The knowledge acquired during the course, in particular, the link between the electromagnetic field and the model with concentrated parameters, the solution methods and the theorems of the electrical networks allow the student to fully understand the functioning of the electrical networks, as well as the application and limits of validity of the circuit model.

Applying knowledge and understanding.
At the end of the course, the student acquires the ability to solve linear and time-invariant electric circuits both in stationary and sinusoidal regimes as well as in transient.

Making judgements.
The course also aims to improve critical skills and judgment. In fact, the student is asked to identify the most appropriate solution methods in relation to the complexity of the circuit to be analyzed. Moreover, each time he analyzes an electrical circuit, the student is asked to verify the correctness of the solution obtained both on the basis of the approximate knowledge of the expected solution and the comparison of solutions obtained with different methods (and with IT tools). Finally, he is invited to critically interpret any anomalies found in the solution of a circuit. In this way, he acquires certainty of the result found, an awareness of the functioning of the circuit and is able to judge autonomously the correctness of the obtained solution.

Communication skills.
The student learns the correct use of the circuit and mathematical symbols as well as the technical terms and units used in electrical engineering.

Learning skills.
The study of the subject improves the classification skills of the engineer student. In particular, by solving the electrical circuits with the various systematic methods and theorems studied in the theory of circuits, the student catalogs the circuits in different classes, on the basis of their topology and the bipoles that compose them, in order to identify the most efficient method for analyze the circuit itself. The improvement of the classification capacity and the exercise of the critical spirit contribute to strengthening the student's ability to continue the study autonomously after the course of study.

Course Structure

The knowledge to be acquired during the course is the content of the lectures conducted in the classroom by the teacher and - in order to facilitate personal study - the topics are listed in detail in the course syllabus, with explicit references to the parts in which they are covered in the main set texts.

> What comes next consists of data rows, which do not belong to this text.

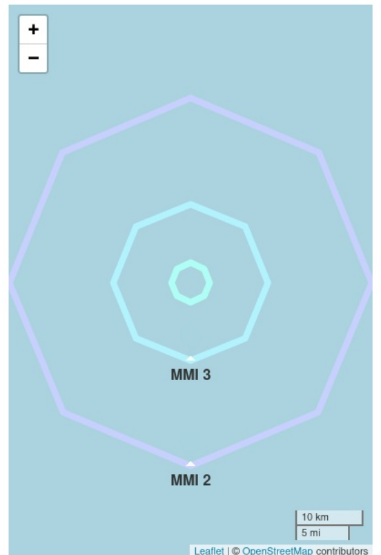
Figure 2. Polygons show shaking intensity contours for the peak magnitude estimate. Shaking of MMI 3 or less is often not felt. ANSS earthquake epicenter not available.

Report created 2024-12-20 15:24:06 (Pacific)
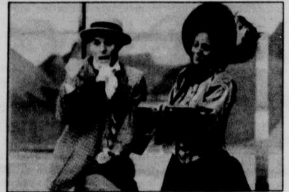
The Oregon Theatre Project takes to the stage for the first time tonight with a play about the Oregon Trail.

Set in the vast, forested wilderness along the Molalla River in the Cascades, the story revolves around a controversy where a land owner, after missing for 20 years, returns to sell the property that has been settled by pioneers. Fearing the loss of their homes, the settlers take matters into their
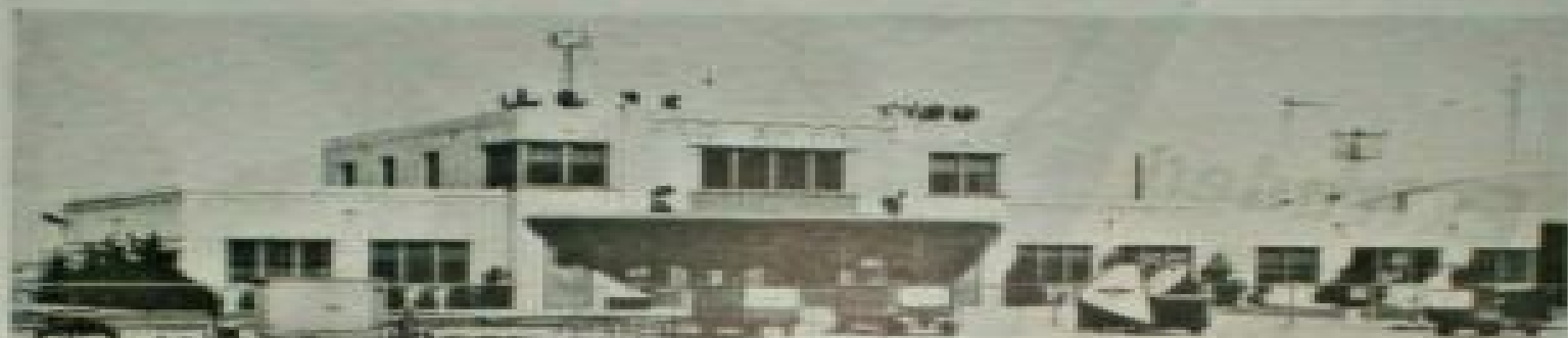
Airline Terminal Building, which houses operations, ticketing, and reservation offices for Braniff Airways, Inc., Delta, Inc., and Transcontinental & Western Air, Inc.; C. A. R. Communications System; U. S. Weather Bureau Station; a Coffee Shop and Dining Room.

F OLKS who fly the Southwest will tell you that for courteous, personal service and friendly good-will, there's no place else out West. English Field in Amarillo!
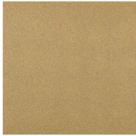
Jazz Gold - 29
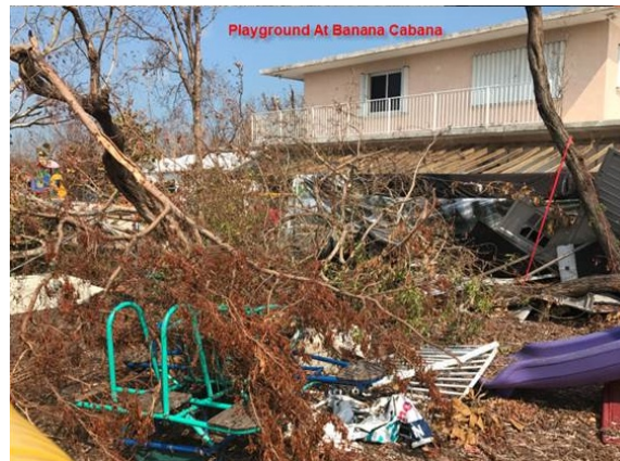
The picture above shows damage to a preschool located in the lower Florida Keys area.

However, despite the devastation the hurricane left behind, coalition staff around the state have been working diligently to recover and have quickly made adjustments, temporary relocations and other efforts to return to assisting families as quickly as possible. Child care locations that are currently inoperable are also receiving assistance to help rebuild.
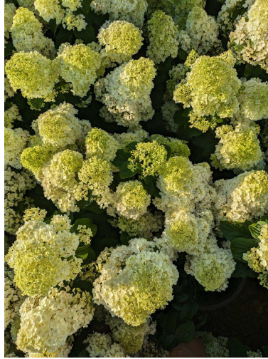
Hydrangea Little Hottie
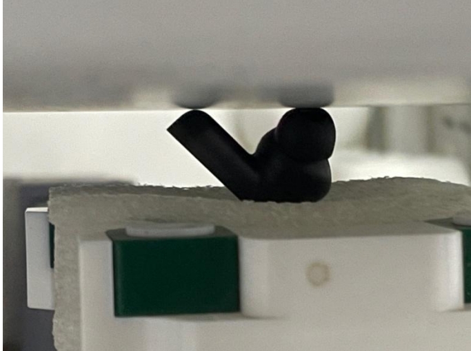
Front Side (Separation distance of 0mm)
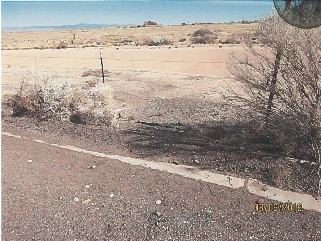
No sediment BMP at inlet to channel.
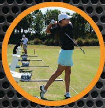
Game Day Performance Tips
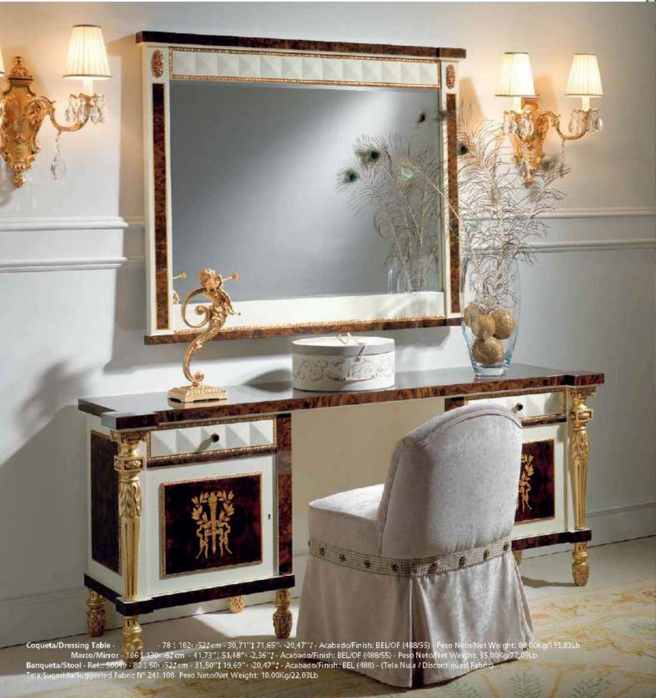
Coqueta/Dressing Table - 78 1 182x522 cm - 30,71" x 71,65" x 20,47" - Acabado/Finish: BEL/OF (488/55) - Peso Neto/Net Weight: 89,00Kg/193,83Lb Marco/Mirror - 106 1 120x62 cm - 41,73" x 51,18" x 2,36" - Acabado/Finish: BEL/OF (488/55) - Peso Neto/Net Weight: 35,00Kg/77,09Lb Banqueta/Stool - Ref.: 50049 - 80 1 50x522 cm - 31,50" x 19,69" x 20,47" - Acabado/Finish: BEL (488) - (Tela Nula / Discontinued Fabric) Tela Sugerida/Suggested Fabric N° 241.108 - Peso Neto/Net Weight: 10,00Kg/22,03Lb

Practical classes and personal training by solving exercises are the means to acquire the ability to apply knowledge. Examples, with the steps necessary to apply the knowledge acquired to the solution of the circuits, are carried out by the teacher in the classroom during the practical classes that follow the explanation of a new topic. Some of the exercises solved by the teacher are also solved by means of a free software for the numerical solution of the electric networks so as to provide students with an alternative way to independently verify the correctness of the results obtained. In order to guide the student, during the personal training phase, to master the tools to be used for the solution of the circuits, at the end of each practical class, a list of recommended exercises (available on the reference books for the exercises or online) is published. In addition, the student is invited to solve the same circuit with different methods, using all the knowledge acquired and all the tools (including IT ones) at their disposal, thus multiplying the value of the single exercise. Finally, the student is encouraged to deepen the topics covered using materials other than those proposed, especially for what concerns the personal study phase, thus developing the ability to apply the acquired knowledge to contexts different from those presented during the course.

To encourage students to study theory topics and to practice already during the course, as well as to facilitate the passing of the final exam in the sessions immediately following the conclusion of the course, there is an alternative route to the classic exam (typically consisting of a written test and an oral exam) consisting of:

  • a SUITABILITY TEST, to be carried out, approximately, halfway through the period of the lessons;
  • an "IN ITINERE" TEST, to be carried out at the end of the lecture period;
  • a SIMPLIFIED WRITTEN TEST to be held in the exam sessions immediately following the end of the course;
  • an ORAL TEST to be held a few days after the written test.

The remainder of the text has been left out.